- Established: 1969 as the Department of Law
- School type: Faculty
- Dean: Fu Hualing
- Location: Pokfulam, Hong Kong
- Enrollment: 1,810 (2023)
- Faculty: 80 (2025)
- Website: https://www.law.hku.hk

= University of Hong Kong Faculty of Law =

Law school in Hong Kong

The Faculty of Law of The University of Hong Kong (香港大學法律學院; commonly known as HKU Law) is one of the 11 faculties and schools at the University of Hong Kong. Founded in 1969 as the Department of Law, it is the oldest law school in Hong Kong. HKU Law is consistently ranked among the top law schools in the world.
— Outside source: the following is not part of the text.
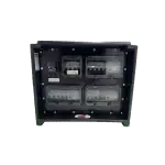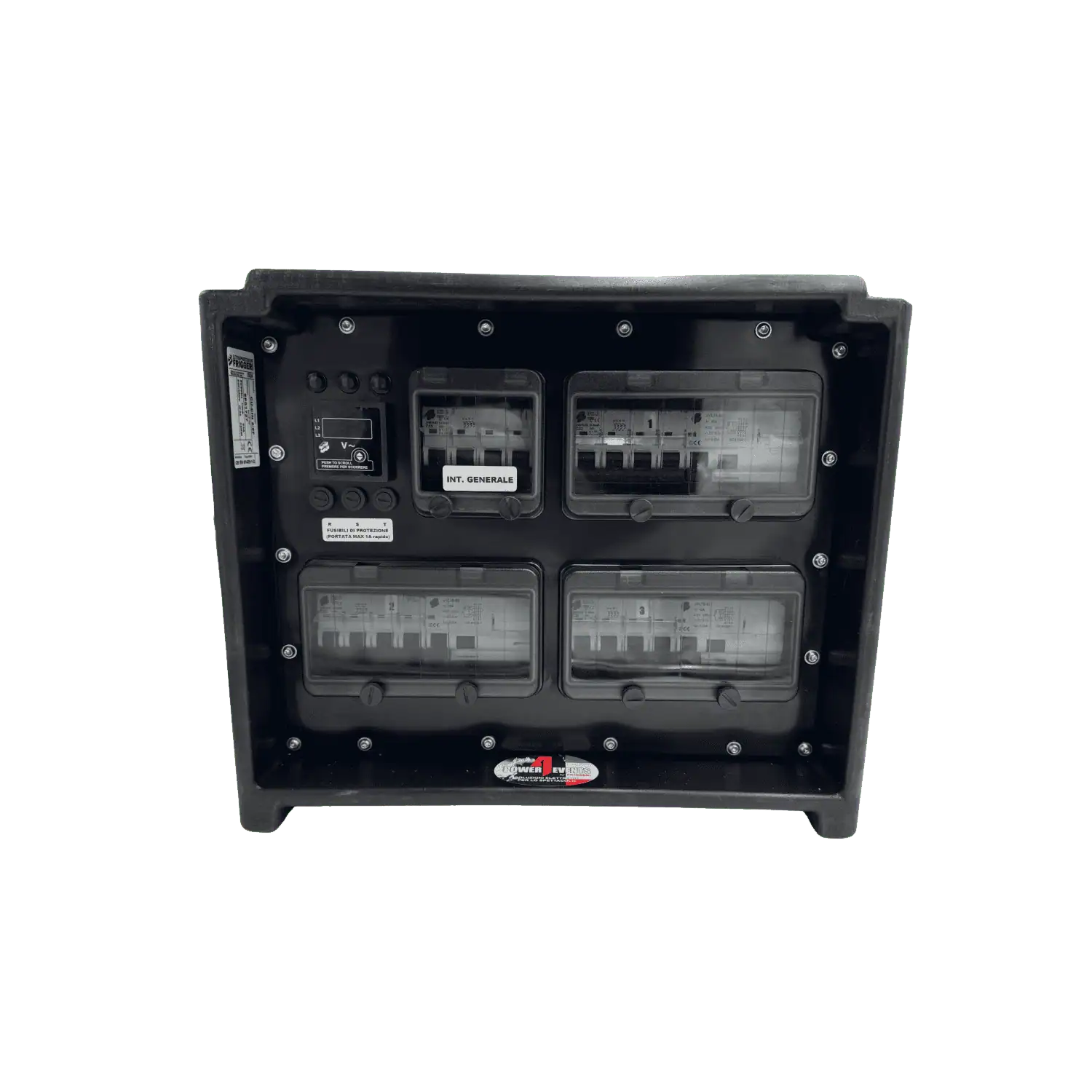 Cassetta in polietilene antiurto in colore nero con maniglie ergonomiche per il trasporto integrate configurazione prese-interruttori fronte/retro. Prese protette individualmente, spie di segnalazione rete LED sulle 3 fasi e voltmetro digitale trifase a pannello

In 2019, HKU Law was ranked 18th on the QS World Rankings and 22nd on the Times Higher Education World Rankings.

HKU Law has produced many distinguished alumni, including current chief justice Andrew Cheung, three permanent judges of the Court of Final Appeal, three secretaries for justice, one-third of Hong Kong's senior counsel, and more than twenty members of the Executive Council and Legislative Council.

==History==
=== Background ===
Law was first taught at the University of Hong Kong in the 1920s and 1930s, but only as a component of a broad-based arts degree, and not as a standalone subject. Contemporary efforts to create colonial Hong Kong's first law school were met with opposition, with Colonial Office records showing apparent concern that such a law school might produce "half-baked lawyers" who would cause "political trouble".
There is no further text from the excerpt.